Il y’a, soit dit en passant, une nette différence entre « moins d’impôt » et « moins d’impôts ». Dans le premier cas, c’est la facture qu’on allège. Dans le second, c’est le Code des Impôts. Gros avantage du premier : on peut le pratiquer dans les Trésoreries Publiques à effectifs constants, à condition que la baisse du montant des prélèvements ne s’accompagne pas d’une simplification perceptible. Inconvénient corrélatif du second : diminuer le nombre (ou la complexité, ça revient au même) de nos impôts mettrait dans l’embarras les responsables des Perceptions, qui devraient trouver de nouveaux jeux pour occuper la pléthore de leur personnel. Réformer à chiantise constante, donc, est un impératif majeur.

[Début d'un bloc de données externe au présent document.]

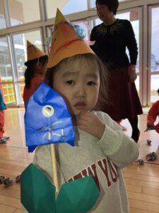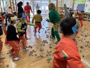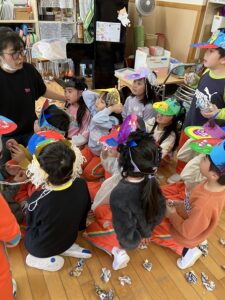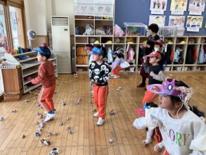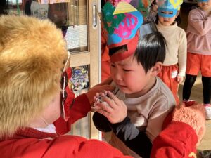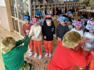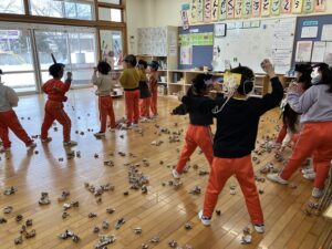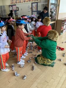 幼稚園では豆まきが行われました。
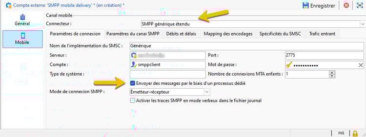 Dans l’onglet Mobile, sélectionnez SMPP générique étendu dans la liste déroulante Connecteur.
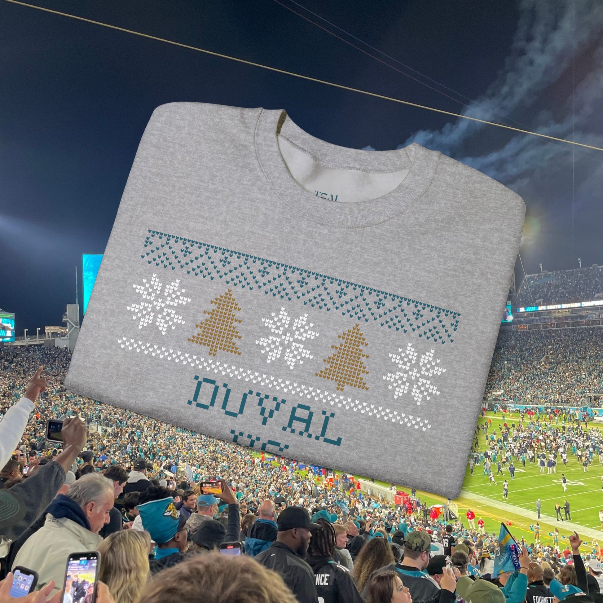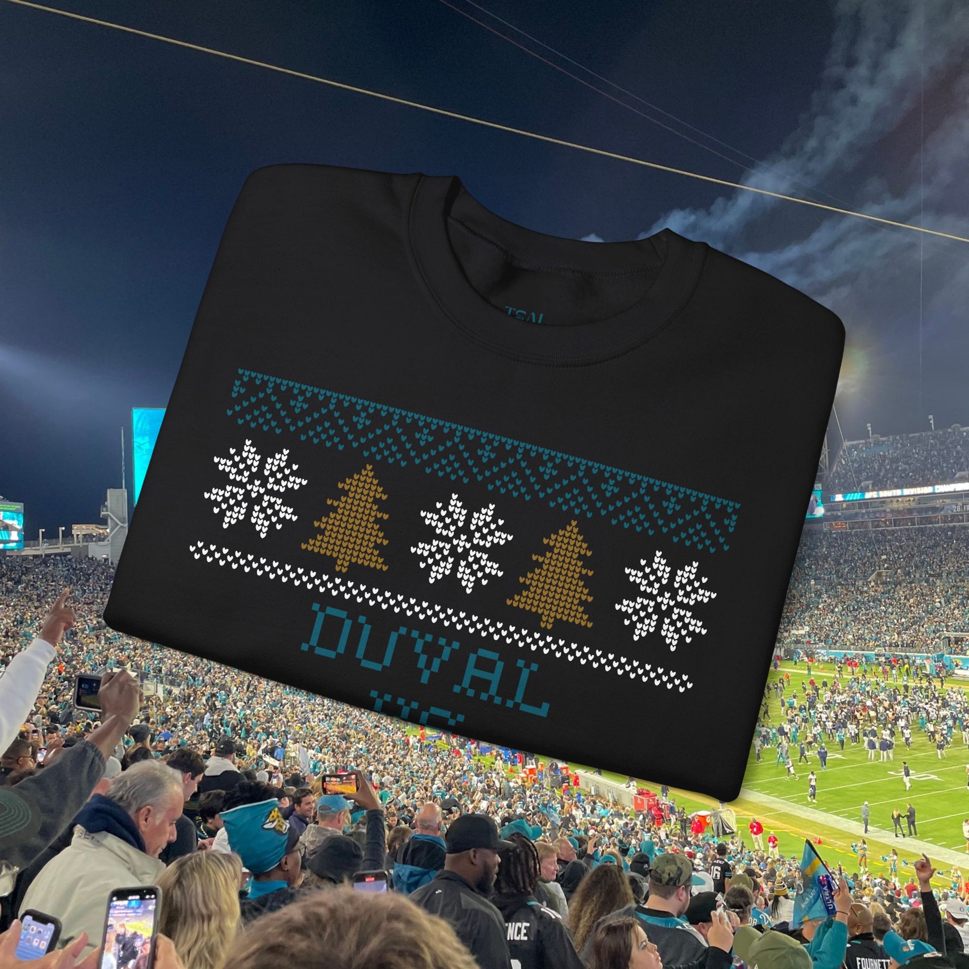 This Jacksonville fan favorite is back for another season! Embrace the festive spirit with this ugly Christmas sweater inspired Jaguars sweatshirt, perfect for tailgating, winter game days, and holiday parties. Designed for adult Jacksonville fans looking to show off their team spirit during the holiday season.

On pourra donc toujours attendre le Grand Soir fiscal cinq ans de plus. A vrai dire, bien peu de politiciens actuels apparaissent à la hauteur de ce grand défi que représente une véritable réforme de la fiscalité. Parce que les enjeux sont bien au-delà des querelles de techniciens ou de la simple logique mathématique. Parce que la fiscalité française est aujourd’hui, non seulement monstrueuse, non seulement incompréhensible (et pas seulement au profane), mais elle est surtout socialement criminelle. Et, comme on l’apprend aux apprentis-commissaires depuis des siècles, « cherche à qui le crime profite ». Un exemple vaudra mieux que de longs discours.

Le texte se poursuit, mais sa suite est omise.